**PROBLEM TO SOLVE**:
Apart from the pictures, everything in the lines below must be printed exactly.

**DATA SEGMENT**:
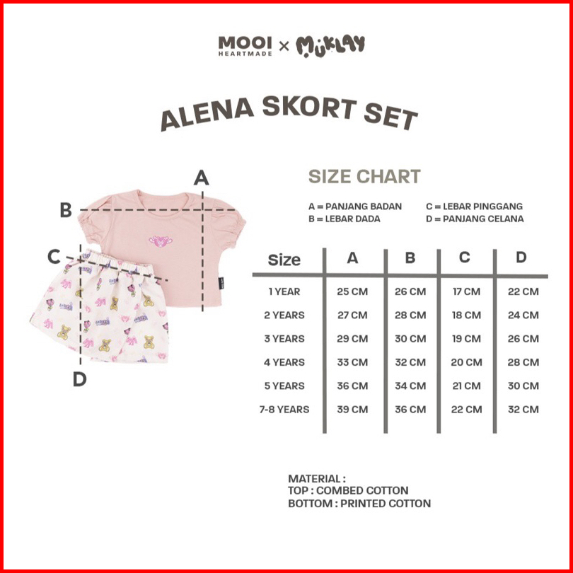 Mooi Alena X Muklay Alena Skort Setelan Anak Perempuan
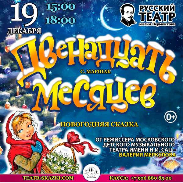 Одна из самых любимых Новогодних историй, воплощена в постановке большого режиссера, заслуженного деятеля искусств Российской Федерации - из Московского детского музыкального театра Сац, обладателя множества театральных наград Валерия Меркулова. Полный волшебного очарования заснеженный лес возникает перед зрителями, как только откроется занавес. В этом мире чудес, у новогоднего костра героиня — бедная девочка — встречает 12 братьев-месяцев, которые помогут ей в трудную минуту. И вот среди снегов расцветают подснежники, а в судьбе главной героини происходит счастливый поворот. Ни богатство, ни власть не помогут совершить чудо, которое возможно лишь благодаря доброте, ласке и готовности всегда прийти на помощь.
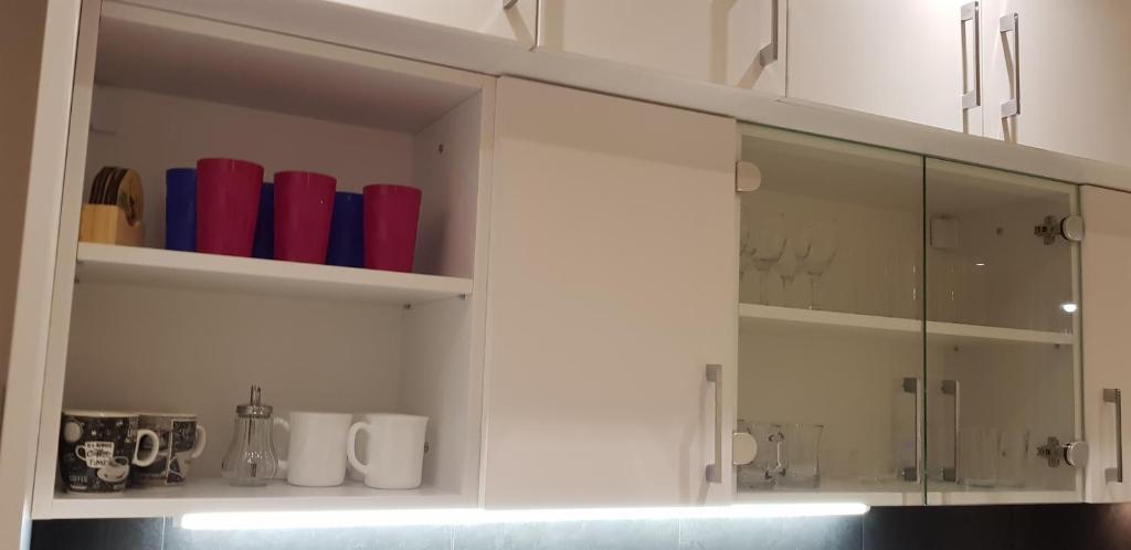 čajna kuhinja, frižider, kuhinja, električno kuvalo, posuđe, rerna, ploča za kuvanje, toster, sredstva za čišćenje, sto za ručavanje, čaše za vino
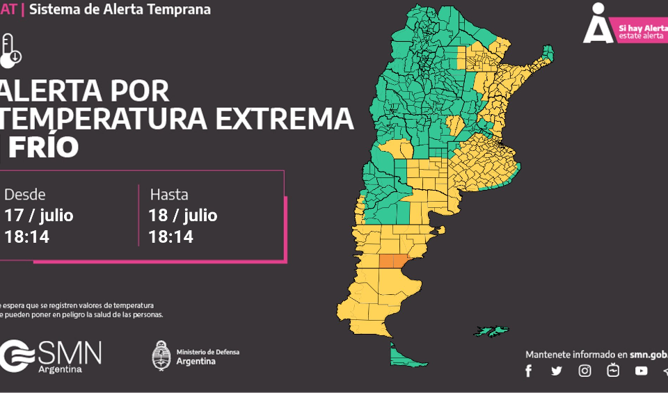 Indica que las bajas temperaturas afecta a grupos de riesgo con problemas de salud y de ciertas franjas etarias. El alerta alcanza a las provincias de Santa Cruz, Chubut, zona cordillerana de Rio Negro y sur de Neuquen, centro de Mendoza, La Pampa, este de Rio Negro, casi toda la provincia de Buenos Aires, sur de Cordoba, Entre Rios, Corrientes, norte de Santa Fe, Chaco, parte de Santiago del Estero, Formosa y Misiones.

**RESPONSE TO THE EXERCISE**:
 Mooi Alena X Muklay Alena Skort Setelan Anak Perempuan
 Одна из самых любимых Новогодних историй, воплощена в постановке большого режиссера, заслуженного деятеля искусств Российской Федерации - из Московского детского музыкального театра Сац, обладателя множества театральных наград Валерия Меркулова. Полный волшебного очарования заснеженный лес возникает перед зрителями, как только откроется занавес. В этом мире чудес, у новогоднего костра героиня — бедная девочка — встречает 12 братьев-месяцев, которые помогут ей в трудную минуту. И вот среди снегов расцветают подснежники, а в судьбе главной героини происходит счастливый поворот. Ни богатство, ни власть не помогут совершить чудо, которое возможно лишь благодаря доброте, ласке и готовности всегда прийти на помощь.
 čajna kuhinja, frižider, kuhinja, električno kuvalo, posuđe, rerna, ploča za kuvanje, toster, sredstva za čišćenje, sto za ručavanje, čaše za vino
 Indica que las bajas temperaturas afecta a grupos de riesgo con problemas de salud y de ciertas franjas etarias. El alerta alcanza a las provincias de Santa Cruz, Chubut, zona cordillerana de Rio Negro y sur de Neuquen, centro de Mendoza, La Pampa, este de Rio Negro, casi toda la provincia de Buenos Aires, sur de Cordoba, Entre Rios, Corrientes, norte de Santa Fe, Chaco, parte de Santiago del Estero, Formosa y Misiones.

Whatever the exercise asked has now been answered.